Points of Inflection Calculator
Find all inflection points of f(x) using the second derivative test — with full sign-change verification (not just root-finding), concavity interval chart, and complete step-by-step working.
⚠️ Use * for multiplication and ^ for powers. The calculator verifies sign changes — roots of f''(x)=0 without a sign change are flagged as NOT inflection points.
| Interval | Sign of f″ | Concavity |
|---|
Step 1: Compute f′(x) then f″(x).
Step 2: Solve f″(x) = 0 for all candidate x-values.
Step 3: For each candidate, evaluate f″ just left and just right (e.g. at x−0.01 and x+0.01).
Step 4: If the sign changes → confirmed inflection point. Compute y = f(x). If no sign change → NOT an inflection point.
For f(x) = x⁴: f″(x) = 12x², which equals zero at x=0. But 12(−0.01)² = 0.0012 > 0 and 12(0.01)² = 0.0012 > 0. The sign does NOT change — x=0 is NOT a point of inflection.
This is the most common error: calculators that simply report every root of f″=0 as an inflection point are wrong. Always check the sign change.
f″(x) > 0 on an interval → concave up (bowl shape ∪, tangent lines below curve)
f″(x) < 0 on an interval → concave down (arch shape ∩, tangent lines above curve)
f″(x) = 0 and sign changes → inflection point (transition between concavities)
For f(x)=sin(x): f″(x)=−sin(x). Setting −sin(x)=0 gives x=nπ for all integers n. At each nπ, sin(x) genuinely changes sign, so every x=nπ is a confirmed point of inflection.
The calculator shows the first few real solutions returned by nerdamer.solve() for periodic functions.
What Is a Point of Inflection?
This points of inflection calculator finds every inflection point of f(x) using the second derivative test — with explicit sign-change verification to ensure genuine concavity changes are reported, not just roots of f″(x) = 0. The inflection calculator shows f′(x), f″(x), all candidates, confirmed inflection points with coordinates (x, y), concavity direction before and after each point, and a full concavity sign chart.
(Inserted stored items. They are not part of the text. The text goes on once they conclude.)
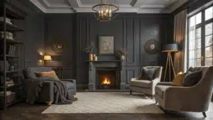 Deep charcoal tones create a grounding effect in a dark grey bathroom that feels calm and intentional. Lighter accents add contrast without overpowering the design. Soft lighting enhances the atmosphere. Natural accessories bring warmth and texture. The layout feels uncluttered and peaceful. Transform your dark grey bathroom into a calming escape!
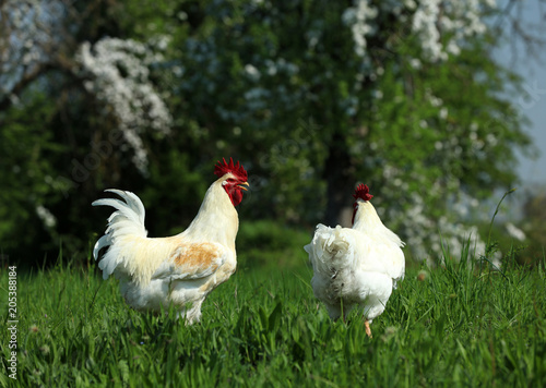 Fototapeta premium Freilaufende Hühner Hahn beim fressen im Gras
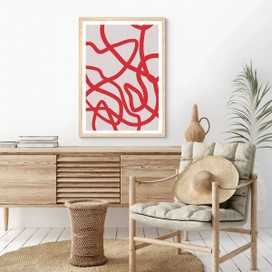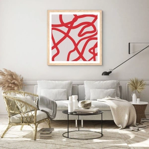 Pôster com moldura de carvalho claro - Vermelho em branco - 60x60 cm
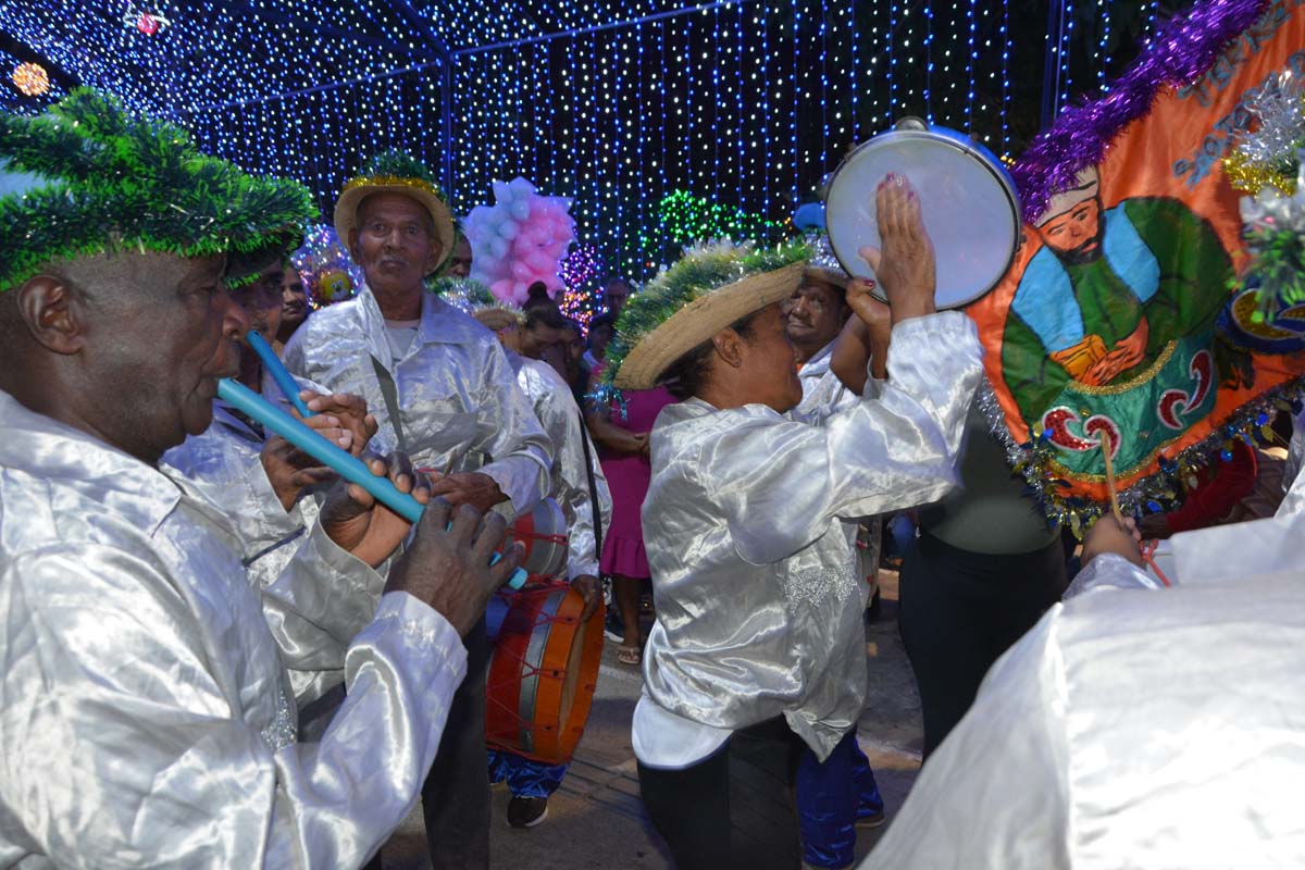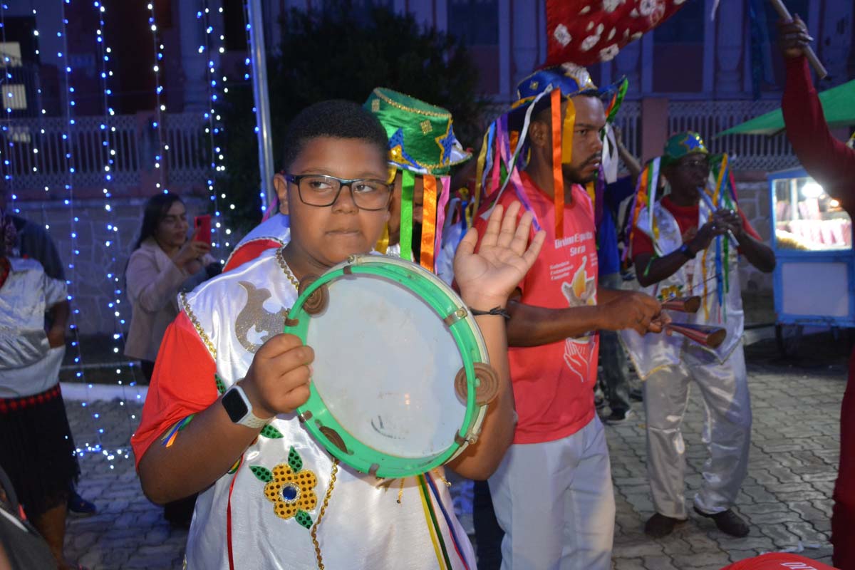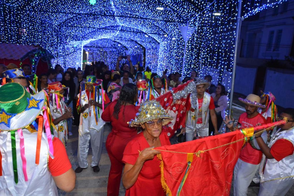 Enquanto o público curtia o som na praça Nove de Novembro, muitas pessoas prestigiavam as apresentações dos ternos de reis na praça Tancredo Neves. Com alegria, colorido e fé que cativam a todos, os dois ternos de reis do povoado do Baixão louvaram o nascimento do menino Jesus.
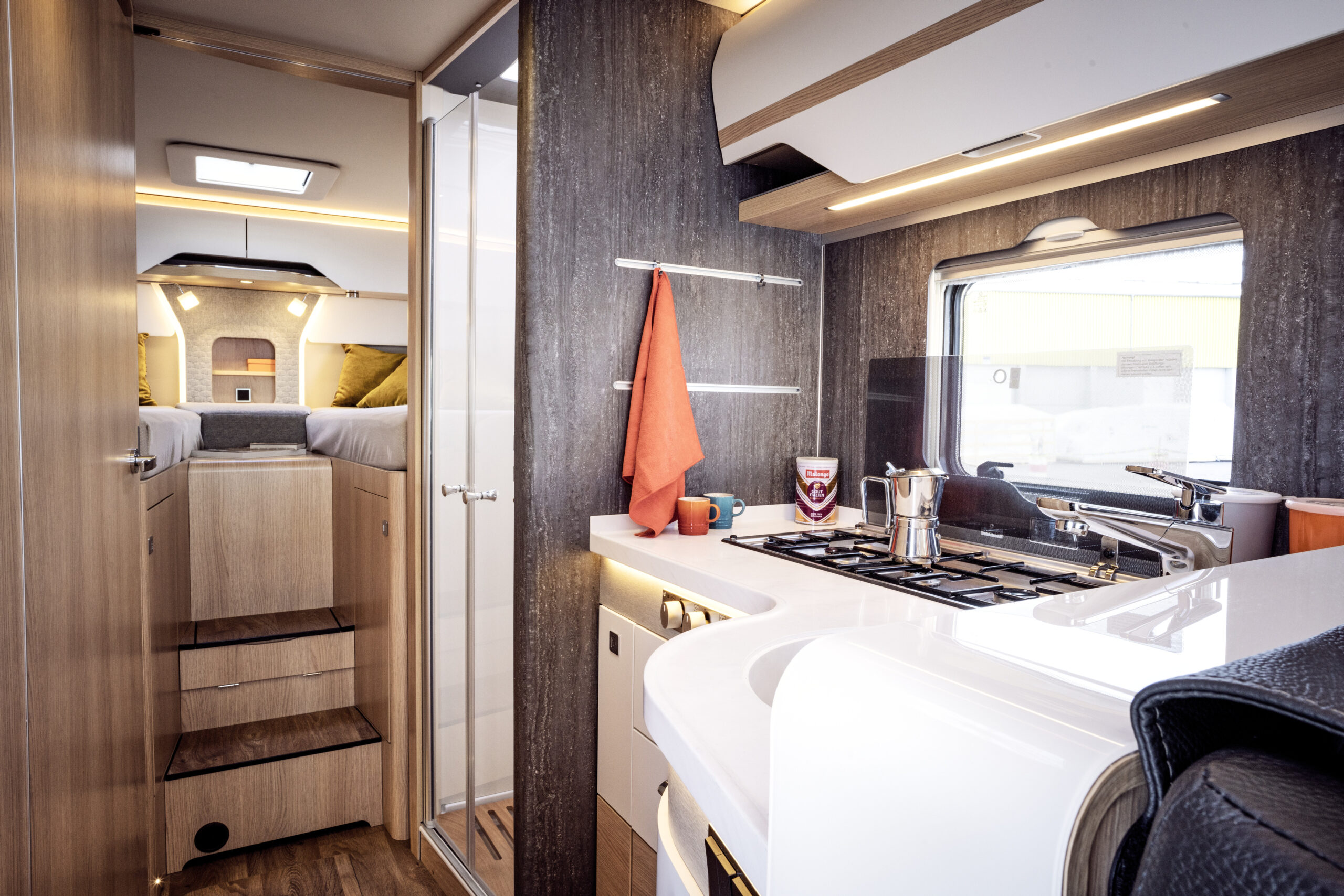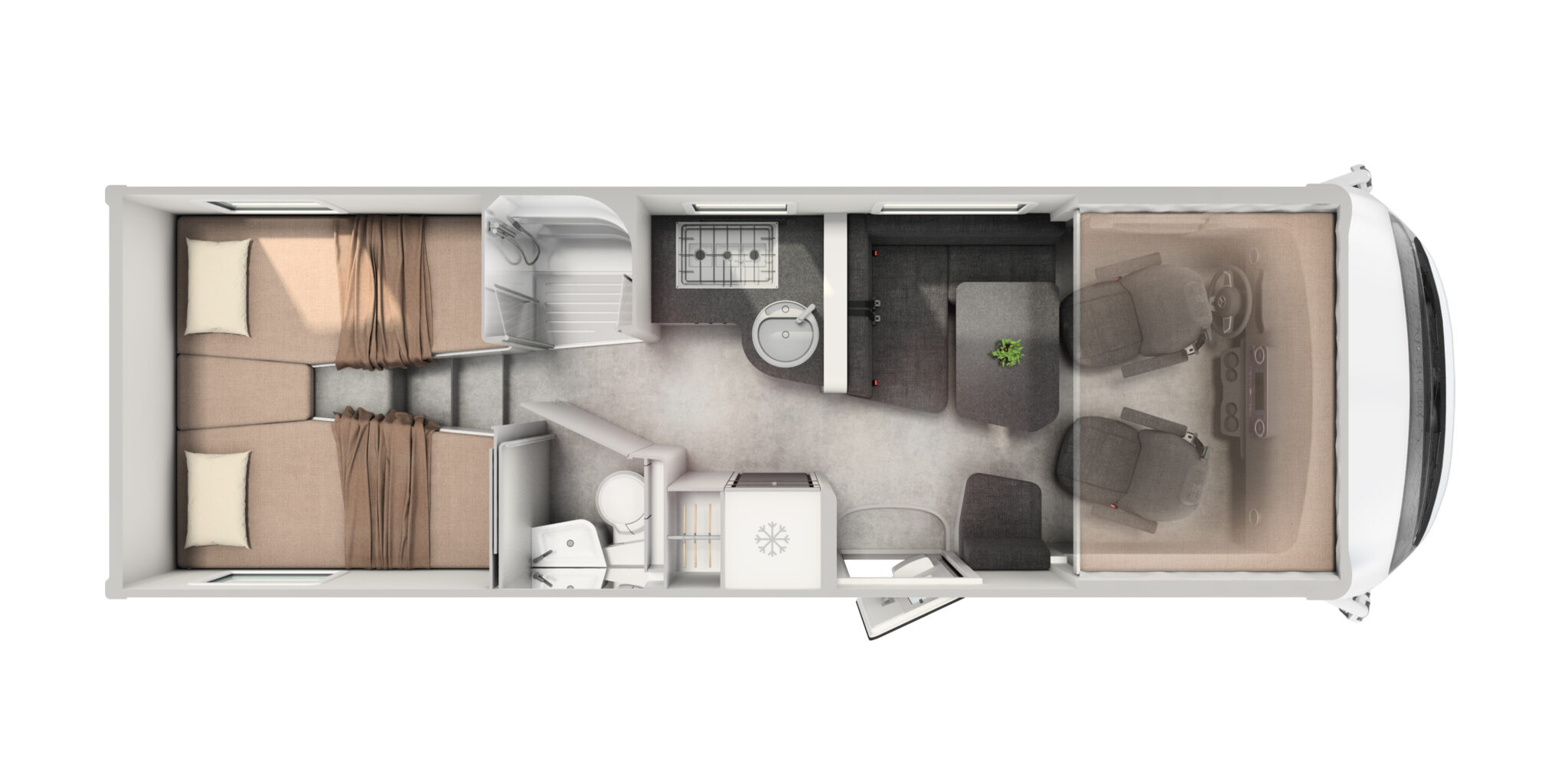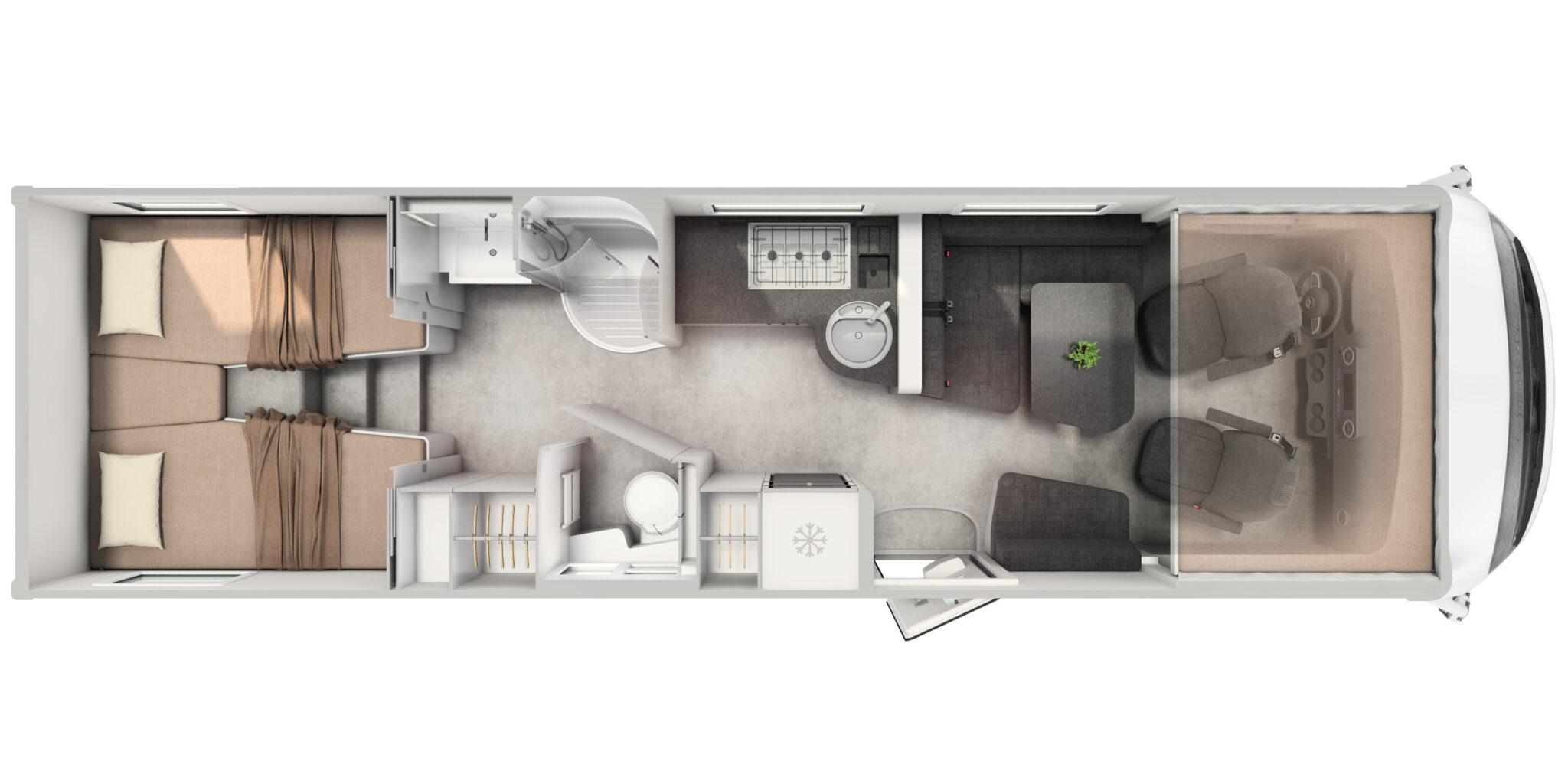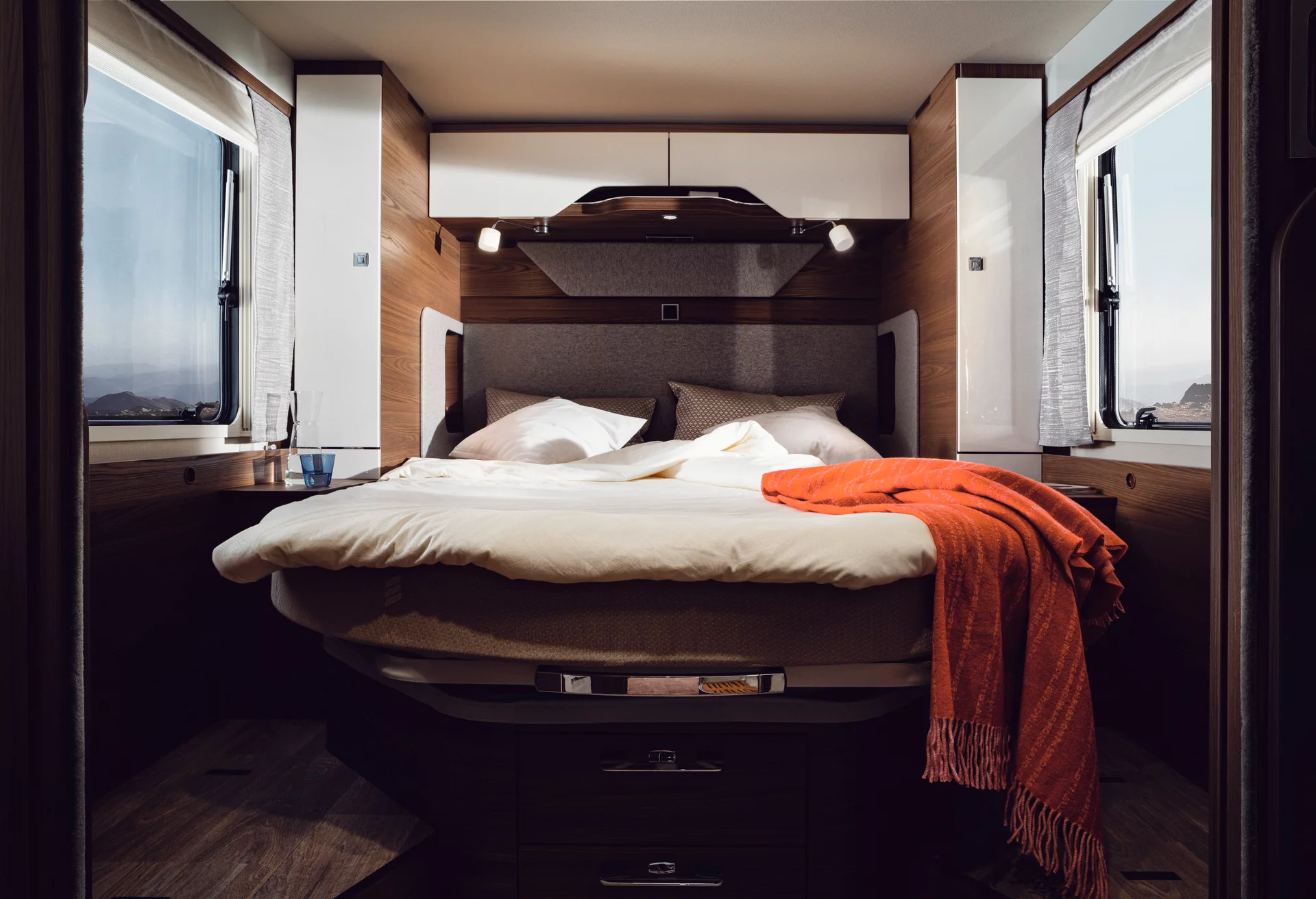 36 cm wysokości z funkcją przeładunku, zapewnia dodatkową przestrzeń, lepszą izolację i odporność na zimno. Płaska podłoga w części mieszkalnej zwiększa komfort.

A point of inflection is a point on the graph of f(x) where the concavity changes — the curve transitions from concave up (bowl shaped, ∪) to concave down (arch shaped, ∩), or vice versa. At an inflection point, f″(x) = 0 (or f″(x) is undefined), and f″(x) must change sign either side of that point.
Inflection Points vs Critical Points — Key Distinction
Students often confuse these two concepts:
- Critical points use f′(x) = 0 — candidates for local maxima and minima. They describe where the function stops increasing or decreasing.
- Inflection points use f″(x) = 0 AND a sign change — candidates for changes in concavity. They describe where the function changes the direction of its bend.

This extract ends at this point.